Ugh, what do we know, of course it gets far, far worse...
Intel actively uses NDAs to silence the security teams and lie to its customers. Now those NDAs ran out on November 12th so we get to check what Intel prevented from being disclosed. Above "new" Zombiload ain't new,
"new" TSX Asynchronous Abort ain't new. Intel told us we could be secured against with software updates? No,
the wording of choice is rather "mitigate any potential security threats", and stuff like Jump Conditional Code is not even being handled as security issue, but is bound to
reduce gaming performance some more.
But back to Intel's (ab)use of NDAs, part of the security team that found Zombiload is from Austrian Technical University of Graz, and German language
futurezone.at did an interview with its member Daniel Gruss (going to paraphrase his major answers):
- When Intel falsely claimed Cascade Lake were not affected by Zombiload the team couldn't object due to the NDA.

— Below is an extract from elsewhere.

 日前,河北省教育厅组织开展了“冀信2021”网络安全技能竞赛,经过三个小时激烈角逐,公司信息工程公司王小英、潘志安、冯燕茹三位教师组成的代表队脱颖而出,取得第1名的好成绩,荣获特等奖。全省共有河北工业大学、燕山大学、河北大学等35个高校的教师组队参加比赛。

- The NDA was extended to November on very short notice. Now it looks it was only done to not endanger sales of the then upcoming products (i.e. mislead the customers).

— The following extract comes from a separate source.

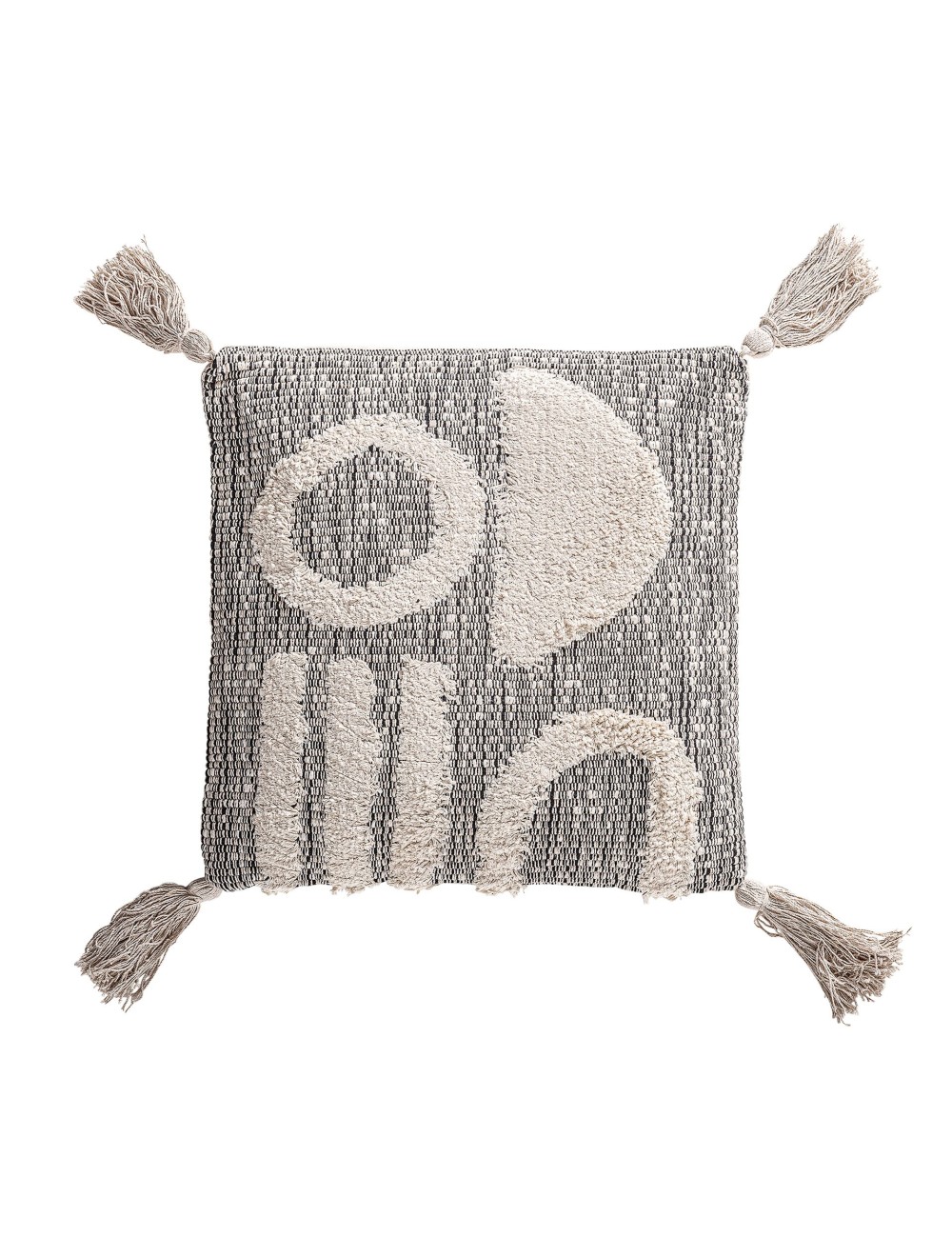 Cojín cuadrado anya de estilo shabby chic, fabricado en algodón en color blanco, combinado con poliéster en color negro. Producto desenfundable.

- Thinks no software can fix the vulnerabilities, suggests turning off TSX, and in general Hyper Threading.
Timeline of the MDS Attack disclosure (bolded text is from source):
On Sep 29, 2018, we submitted several proof-of-concept exploits (PoCs) for a number of RIDL variants to Intel. Despite our many attempts, we received no technical feedback/questions on our submission except that Intel was working on the mitigations.
In fact, due to a lack of transparency on Intel's part, we only got a complete picture on Intel's MDS disclosure plan on May 10, 2019, just 4 days before public disclosure. We were able to find the microcode updates published by Intel online and tested them on May 11. We quickly found that Intel's fixes did not fully mitigate the vulnerabilities we had reported in Sep 2018 and immediately informed Intel.
On May 13, 2019, just one day from the RIDL/MDS public disclosure date, Intel requested TAA and any other RIDL issues that were not mentioned in the MDS whitepaper to be placed under a new last-minute embargo until Nov 12, 2019. At the request of Intel, and to protect users, we complied to the new embargo, withheld several details from the RIDL paper (leaving only some traces of our results in Table I), and did not release our now public RIDL test suite.
On July 3, 2019, we finally learned that, to our surprise, the Intel PSIRT team had missed the PoCs from our Sep 29 submission, despite having awarded a bounty for it, explaining why Intel had failed to address - or even publicly acknowledge - many RIDL-class vulnerabilities on May 14, 2019.
On Oct 15, 2019, we learned that Intel had not found this issue internally and the only other independent finder was the Zombieload team, which disclosed TAA to Intel in April, 2019.
On Oct 25, 2019, we tested Intel's latest microcode update, and still saw leaks with the VERW mitigation enabled, using the RIDL PoCs we shared with Intel in May 2019. We notified Intel and shared a polished PoC to make the issue clear. Intel requested a new embargo and yet suggested adding the following to our RIDL addendum: "A new microcode update release by Intel in November is required to adequately address the issue".
On Nov 12, 2019, TAA and the other scheduled RIDL issues are disclosed. Unfortunately, we believe that, given the piecemeal (variant-by-variant) mitigation approach pursued by Intel, RIDL-class vulnerabilities won't disappear any time soon.
Everybody involved in this continuous mess at Intel needs to have a long hard look into the mirror (and ideally change profession thereafter).